Feature
Antennas: critical links in the wireless signal chain
A communications chain is no stronger than its weakest link. The right antennas can strengthen the chain by yielding better signal coverage, increased S/N ratio, reduced bit error rate, and lower power consumption-all at very low cost.
By Bill Schweber, Technical Editor -- EDN, 6/6/1996
Yet, good antennas, or "aerials," at the transmitter and receiver are vital. The right antenna can increase performance and overcome coverage weaknesses at little cost and with no increase in power consumption. You may even be able to reduce transmitter power by using a better antenna configuration.
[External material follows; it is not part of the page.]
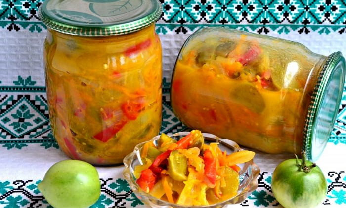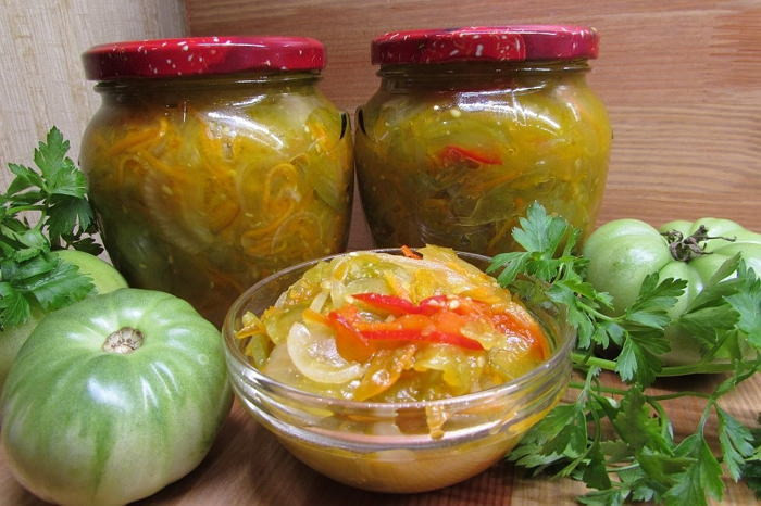 5 рецептов заготовок салата из зеленых помидор на зиму
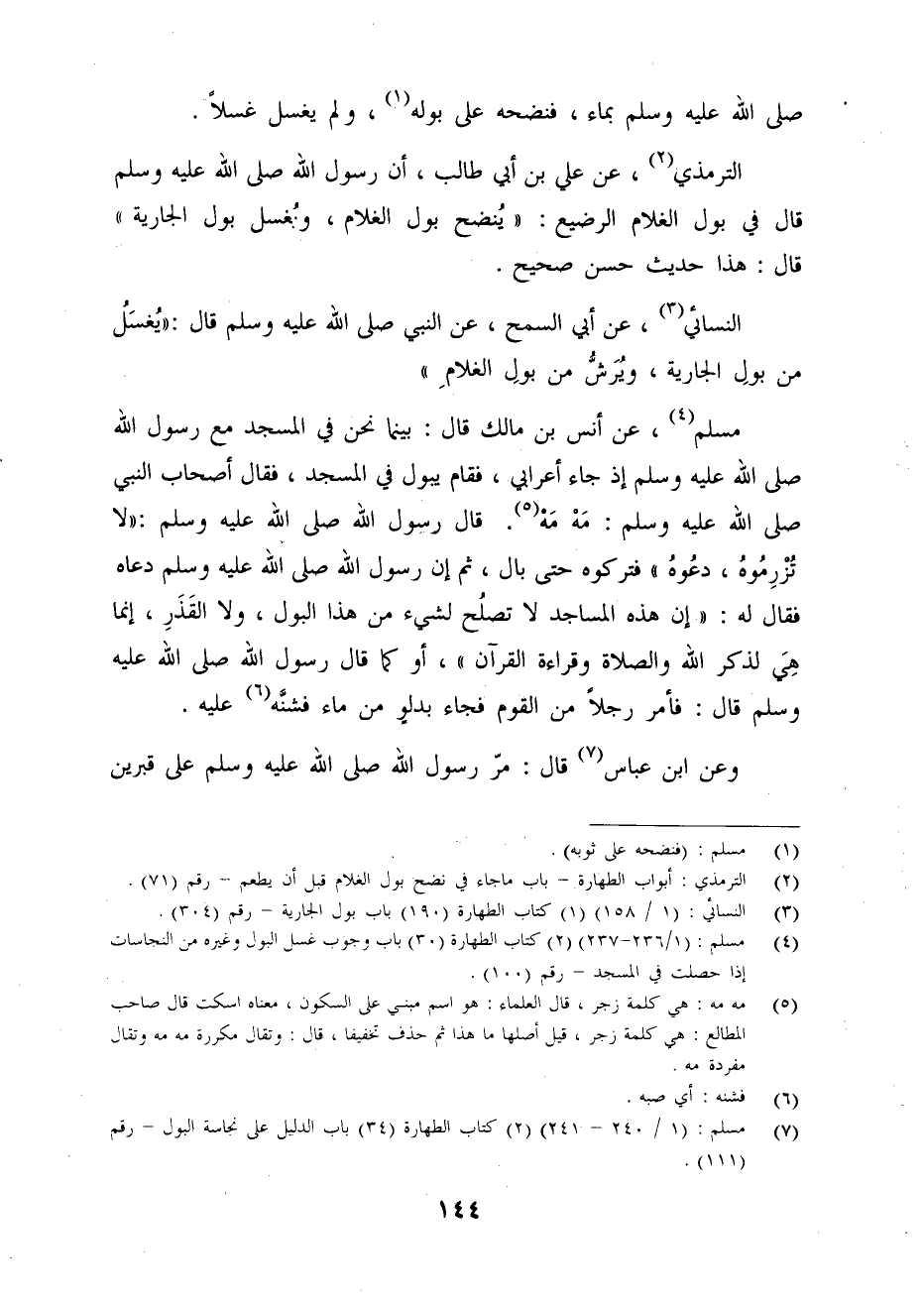(¬7) مسلم: (1/ 240 - 241) (2) كتاب الطهارة (34) باب الدليل على نجاسة البول - رقم (111).

A typical wireless application comprises a base station with a relatively fixed, planned-in-advance location. In contrast, the corresponding remote unit is often mobile and can be a wireless LAN, a handheld data-entry wand for taking inventory in a warehouse, a PC Card-based modem, or an in-plant communication link. A typical remote unit not only moves randomly within the overall area of coverage, but also varies in its orientation, must operate within local RF hot and shadow spots, and is typically less powerful and more design-constrained than is its base station.
Fortunately, today's 900-MHz and higher wireless applications offer designers a big technical advantage compared with the approximately 100-MHz applications of a decade ago. At 1 GHz, one wavelength (l) is just 30 cm, or about 1 ft. Therefore, a physically small and convenient antenna can be reasonably efficient and even electrically resonant at the frequency of operation, which makes providing a good antenna easier.
An effective antenna is more than just a conductor with the right size and shape. You also must consider the antenna interface to the transmitter power amplifier and to the receiver front end. Filtering and impedance matching let you realize an antenna's maximum potential and minimize sources of interference, which can severely degrade system performance.
Start with basic configurations
Although it may seem that antennas, like wallpaper patterns, come in a nearly infinite number of configurations, most antennas are based on one of four elements: the dipole, monopole, loop, and patch. More complex antennas combine these simple elements, use multiples of one type, or add reflectors or other structures to shape the propagation field pattern. Antennas have 360°: azimuth (or polar) radiation-gain and elevation patterns. These features are the primary parameters of performance. Other important criteria are beam width, bandwidth, front-to-back ratio, and polarization.
Antenna gain differs from amplifier gain, because antenna gain involves no active circuitry or increase in total signal strength. The gain of an antenna indicates how it shapes its radiation field pattern in decibels compared with an ideal isotropic antenna (dBi). An ideal isotropic antenna radiates or senses power uniformly over a spherical volume and is impossible to build. You can also compare an antenna's gain with a dipole, which you can build and use as a reference.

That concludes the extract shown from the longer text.